• **To do**
The answer must consist solely of the lines from the line with "Jamaica. 1, 2, 5, 10" to the final line of the data below, reproduced exactly, pictures omitted.

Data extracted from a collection
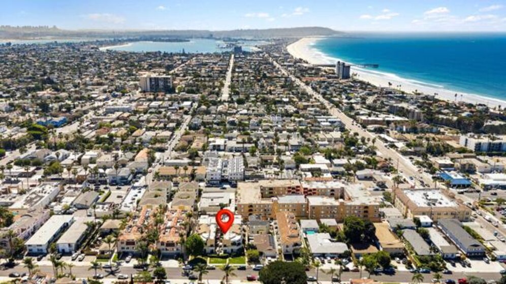 Welcome to this beautifully upgraded townhome on a quiet street within the highly valued La Jolla School District, walking distance to Bird Rock, PB, beaches, shopping, dining, and everyday essentials. This move-in ready home features a fully renovated, modern coastal interior with a quartz countertop kitchen, Whirlpool appliances, main-floor powder room, and in-unit washer and dryer. The open-concept layout flows seamlessly to a private 180 sq ft patio, perfect for indoor-outdoor living and entertaining. Upstairs, the primary suite offers vaulted ceilings, a walk-in closet, and a spacious en-suite bathroom. The second bedroom includes its own en-suite bath, ideal for guests, roommates, or a home office. Additional features include a private 1.5-car garage with extra storage and a dedicated parking space directly in front. Rare opportunity to own a turnkey gem in one of San Diego’s most desirable coastal communities.
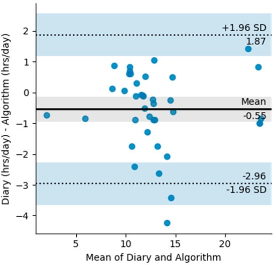 A total of 45 days were used to create the Bland Altman plots (Figure 4). The Bland Altman plot quantifies the bias and the range of agreement within which 95% of the differences between self-reported and algorithm wear lie. The plot shows a −0.55 h in the diary measurements and limits of agreement ranging from −2.96 h to 1.96 h. Most of the differences between the reported and the measured wear time come from the differences in exact reporting times. However, there are a few outliers longer than two hours, resulting from the algorithm measuring daily wear more than what was reported. During these periods there is clear movement displayed from the accelerometer and they are either the result of miss-reporting or movement of the device that is not related to wear such as transportation.
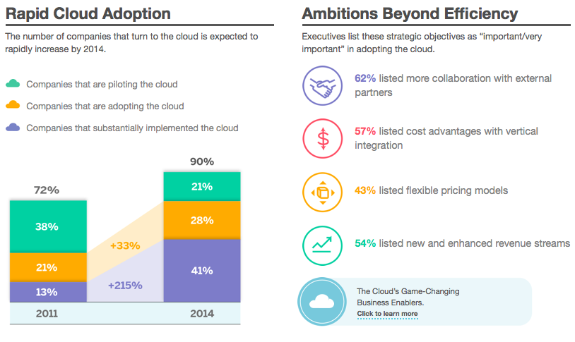 IBM, it can be argued, has become a media company it its own right. With a successful Tumblr, Big Blue is using the Web to deliver its messages via content. In this case, IBM created an infographic on The Atlantic touting the advantages of using the cloud.
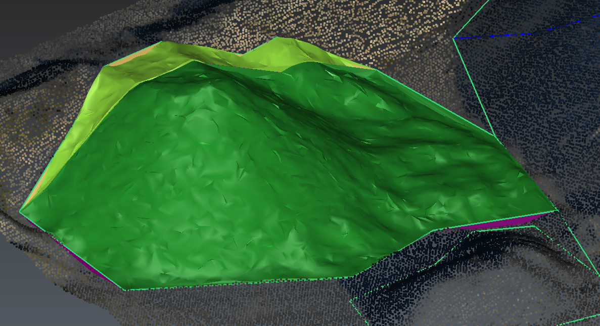 Select the Best plane from contour method to mesh the initial ground below the stockpile. Click Preview. You can use the bulbs to display/hide elements (this can help to find out the best computation method for the ground). Here, you don't have to apply a spike elimination. Click Reset to start again the stockpile contour, if necessary.
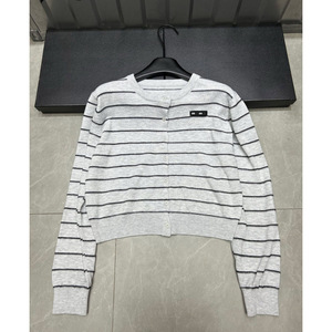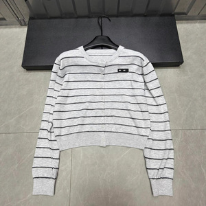 25年秋季新款nn家字母黑标条纹针织长袖单排扣开衫宽松百搭女上衣
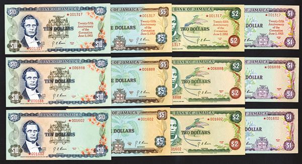 Jamaica. 1, 2, 5, 10 Dollars. SCWPM CS3. Plus Series 1978 set of matched serial #s. In addition CS2, Series 1977 set with matching serial #s. All Choice Uncirculated. 12 pieces.
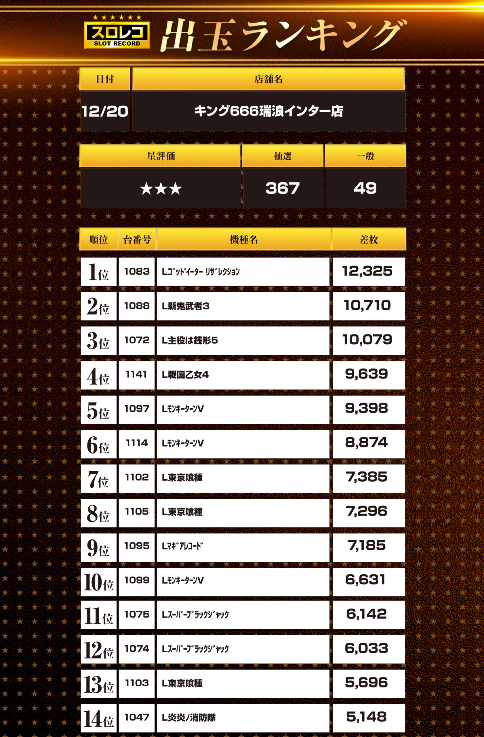 12月20日 キング666瑞浪インター店

• **Output**
 Jamaica. 1, 2, 5, 10 Dollars. SCWPM CS3. Plus Series 1978 set of matched serial #s. In addition CS2, Series 1977 set with matching serial #s. All Choice Uncirculated. 12 pieces.
 12月20日 キング666瑞浪インター店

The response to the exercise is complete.